Microbial Decomposition Machines
Use a living microbial culture at controlled temperatures (roughly 104–140°F / 40–60°C) to biologically decompose food waste — the same process as an outdoor compost pile, accelerated in a controlled environment. The output is biologically active material that, after a curing period, functions as real compost.

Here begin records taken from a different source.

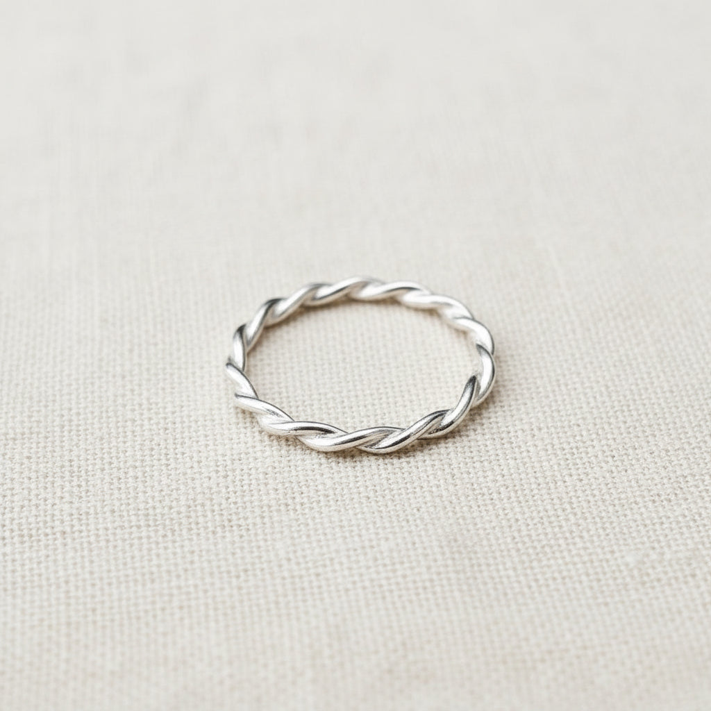 Each band is handmade to order, using sterling silver. The silver is twisted by hand, and forged into a ring.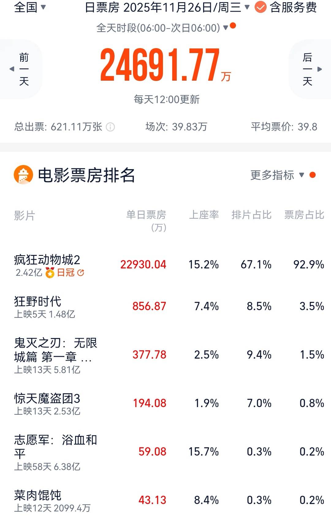 11月26日(周三),迪士尼动画电影《疯狂动物城2》上映,首日排片占比67.1%,收票房近2.3亿元,上座率15.2%。《疯狂动物城2》成为继《姜子牙》《熊出没·逆转时空》《哪吒2》之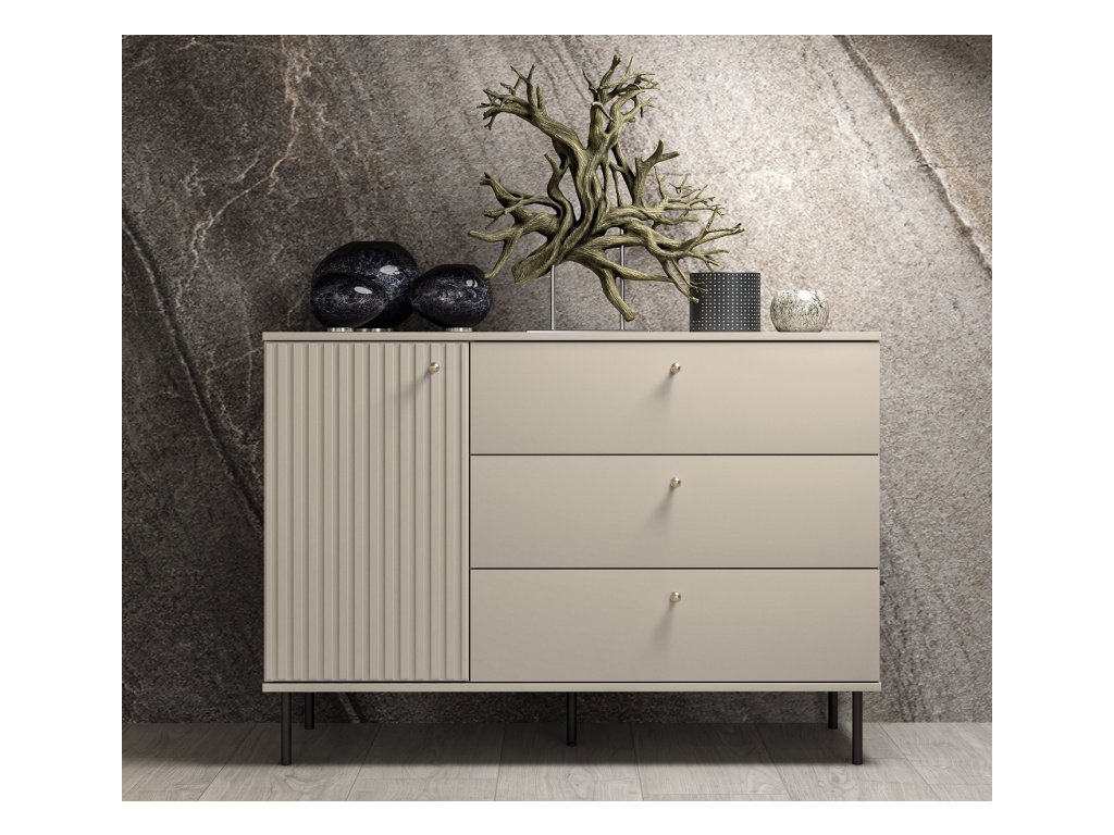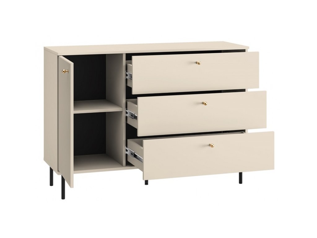 Nábytek z kolekce Sophie je perfektní volbou do moderního obývacího pokoje, ložnice nebo haly. Díky systému složenému z mnoha prvků si můžete zařídit svůj vysněný interiér. Kašmírový dekor je originální a nadčasová barva nazývaná nová bílá. Frézovaná čela z MDF zdůrazňují sofistikovanost a eleganci celé kolekce. Decentní černé nohy dodávají tvarům působivou lehkost. Vrcholem, který navíc umocňuje estetiku veškerého nábytku Sophie, jsou úchytky z broušeného kovu zlaté barvy.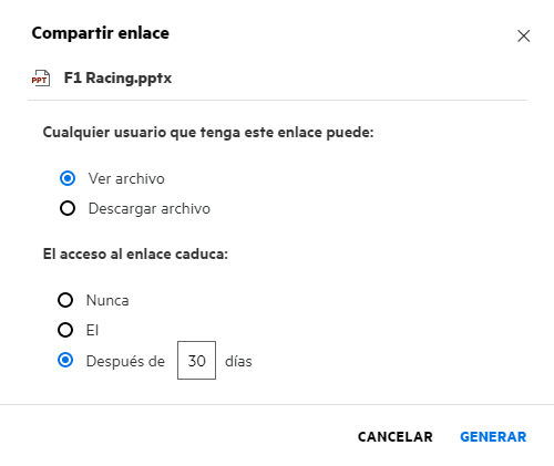 Seleccione el tipo de enlace que desea generar y establezca la configuración de caducidad del enlace. Haga clic en GENERAR.

What the output actually is: compost. The biological decomposition process converts organic material into stable humus with a living microbial community intact. After a 30-day outdoor curing period, it can be applied directly to garden soil.
Reencle is the primary example in this category.
Comparison at a Glance
Price
Reencle Prime
$549
Mill
$999 + $33/mo
Lomi
$499
Vitamix FoodCycler
$399
Process
Reencle Prime
Microbial decomposition
Mill
Dehydration + grinding
Lomi
Dehydration
Vitamix FoodCycler
Dehydration
Output
Reencle Prime
Real compost (after 30-day cure)
Mill
"Food Grounds" (dehydrated)
Lomi
Dried food waste
Vitamix FoodCycler
Dried food waste
Direct garden use
Reencle Prime
Yes (after curing)
Mill
No (requires further composting)
Lomi
Limited
Vitamix FoodCycler
Limited
Handles meat/dairy
Reencle Prime
Yes
Mill
Yes
Lomi
Yes (Lomi Approved mode)
Vitamix FoodCycler
Yes
Operating temp
Reencle Prime
104–140°F (40–60°C)
Mill
160°F+
Lomi
160°F+
Vitamix FoodCycler
160°F+
Ongoing cost
Reencle Prime
None
Mill
$33/month subscription
Lomi
Lomi pods ($20–25 for 45 cycles)
Vitamix FoodCycler
None
Noise level
Reencle Prime
Low (fan only)
Mill
Moderate (fan + grinder)
Lomi
Moderate
Vitamix FoodCycler
Low
Best for
Reencle Prime
Garden composting
Mill
Volume reduction, Food Grounds program
Lomi
Volume reduction
Vitamix FoodCycler
Volume reduction, small households
Reencle Prime — $549
What It Is
Reencle uses a living microbial culture — a mix of aerobic bacteria and fungi — maintained at temperatures that optimize biological activity (104–140°F). Food waste added to the unit is broken down continuously by the microbial community. The output accumulates and is harvested periodically, then cured outdoors for 30 days to produce finished compost.
What We Like
- Produces real compost: the only electric composter in this comparison that creates genuine garden-usable compost through biological decomposition
- No ongoing cost: after purchase, the only cost is electricity (roughly $5–8/year to run)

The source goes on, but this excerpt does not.